• _What is expected_:
Reproduce the listing below from the line with "Именно табакерка является" to the line with "Recommendations for the", both lines included, character for character, minus any pictures.

• _Task input_:
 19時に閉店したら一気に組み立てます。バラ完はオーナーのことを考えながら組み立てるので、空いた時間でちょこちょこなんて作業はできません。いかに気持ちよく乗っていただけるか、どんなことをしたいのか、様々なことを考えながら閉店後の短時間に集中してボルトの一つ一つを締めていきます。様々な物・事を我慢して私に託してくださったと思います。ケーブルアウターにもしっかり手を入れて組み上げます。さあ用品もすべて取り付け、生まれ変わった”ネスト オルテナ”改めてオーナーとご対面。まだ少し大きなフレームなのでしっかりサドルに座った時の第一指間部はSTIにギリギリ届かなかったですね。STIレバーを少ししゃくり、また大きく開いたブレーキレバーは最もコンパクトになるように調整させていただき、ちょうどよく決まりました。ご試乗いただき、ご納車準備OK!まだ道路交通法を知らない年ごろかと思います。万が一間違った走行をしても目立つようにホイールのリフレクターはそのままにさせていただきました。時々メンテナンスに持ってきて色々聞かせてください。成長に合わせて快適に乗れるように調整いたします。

* * *

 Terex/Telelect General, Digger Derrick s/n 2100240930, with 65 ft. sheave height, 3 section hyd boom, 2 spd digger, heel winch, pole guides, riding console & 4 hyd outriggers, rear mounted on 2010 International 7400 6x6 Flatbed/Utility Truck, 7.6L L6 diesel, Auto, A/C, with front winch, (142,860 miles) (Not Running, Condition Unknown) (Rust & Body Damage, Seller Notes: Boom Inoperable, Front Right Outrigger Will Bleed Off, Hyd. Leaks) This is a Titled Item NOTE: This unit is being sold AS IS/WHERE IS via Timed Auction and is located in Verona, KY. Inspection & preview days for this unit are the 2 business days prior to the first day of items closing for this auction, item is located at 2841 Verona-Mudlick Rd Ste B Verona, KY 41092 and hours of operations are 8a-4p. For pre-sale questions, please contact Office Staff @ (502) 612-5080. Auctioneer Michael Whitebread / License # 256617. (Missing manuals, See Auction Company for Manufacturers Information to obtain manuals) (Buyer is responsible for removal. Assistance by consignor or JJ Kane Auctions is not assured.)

--

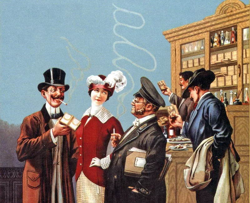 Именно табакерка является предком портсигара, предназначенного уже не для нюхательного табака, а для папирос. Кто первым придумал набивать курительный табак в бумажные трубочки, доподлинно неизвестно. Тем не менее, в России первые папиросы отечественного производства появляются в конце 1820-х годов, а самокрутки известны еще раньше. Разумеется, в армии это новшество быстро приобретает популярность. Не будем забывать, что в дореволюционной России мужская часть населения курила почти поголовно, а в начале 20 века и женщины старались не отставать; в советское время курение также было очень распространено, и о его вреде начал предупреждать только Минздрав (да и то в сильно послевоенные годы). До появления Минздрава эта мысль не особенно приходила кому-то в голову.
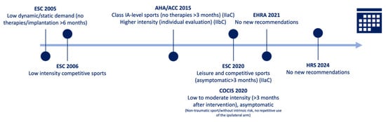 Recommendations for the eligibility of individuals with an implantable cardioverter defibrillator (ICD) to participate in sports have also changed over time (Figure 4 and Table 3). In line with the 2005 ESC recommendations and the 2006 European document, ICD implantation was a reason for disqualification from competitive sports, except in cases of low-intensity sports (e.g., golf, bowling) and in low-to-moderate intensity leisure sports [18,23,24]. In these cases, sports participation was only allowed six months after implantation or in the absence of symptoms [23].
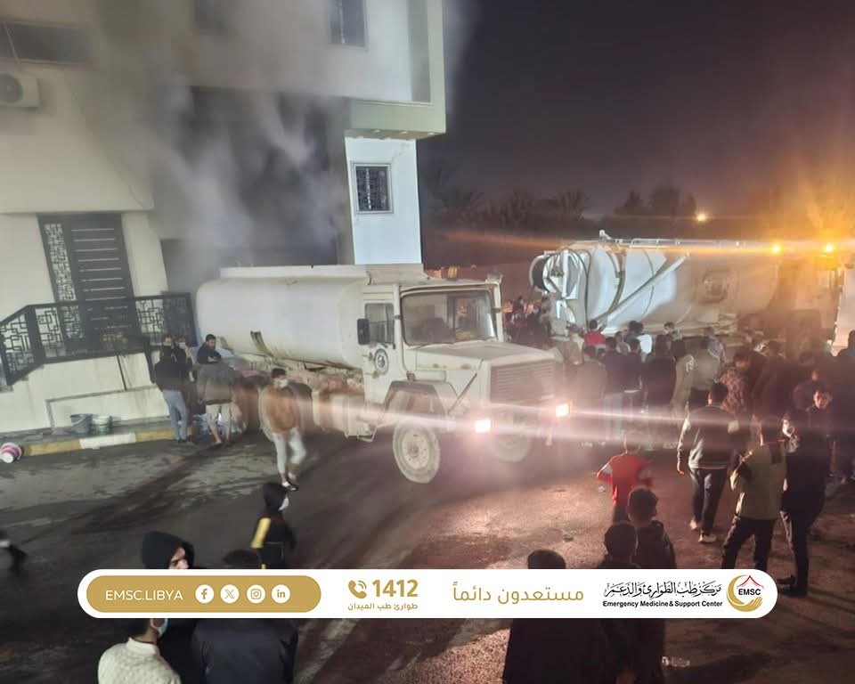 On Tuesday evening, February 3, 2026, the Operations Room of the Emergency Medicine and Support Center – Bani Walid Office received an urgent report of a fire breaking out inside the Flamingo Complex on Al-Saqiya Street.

• _Result for this exercise_:
 Именно табакерка является предком портсигара, предназначенного уже не для нюхательного табака, а для папирос. Кто первым придумал набивать курительный табак в бумажные трубочки, доподлинно неизвестно. Тем не менее, в России первые папиросы отечественного производства появляются в конце 1820-х годов, а самокрутки известны еще раньше. Разумеется, в армии это новшество быстро приобретает популярность. Не будем забывать, что в дореволюционной России мужская часть населения курила почти поголовно, а в начале 20 века и женщины старались не отставать; в советское время курение также было очень распространено, и о его вреде начал предупреждать только Минздрав (да и то в сильно послевоенные годы). До появления Минздрава эта мысль не особенно приходила кому-то в голову.
 Recommendations for the eligibility of individuals with an implantable cardioverter defibrillator (ICD) to participate in sports have also changed over time (Figure 4 and Table 3). In line with the 2005 ESC recommendations and the 2006 European document, ICD implantation was a reason for disqualification from competitive sports, except in cases of low-intensity sports (e.g., golf, bowling) and in low-to-moderate intensity leisure sports [18,23,24]. In these cases, sports participation was only allowed six months after implantation or in the absence of symptoms [23].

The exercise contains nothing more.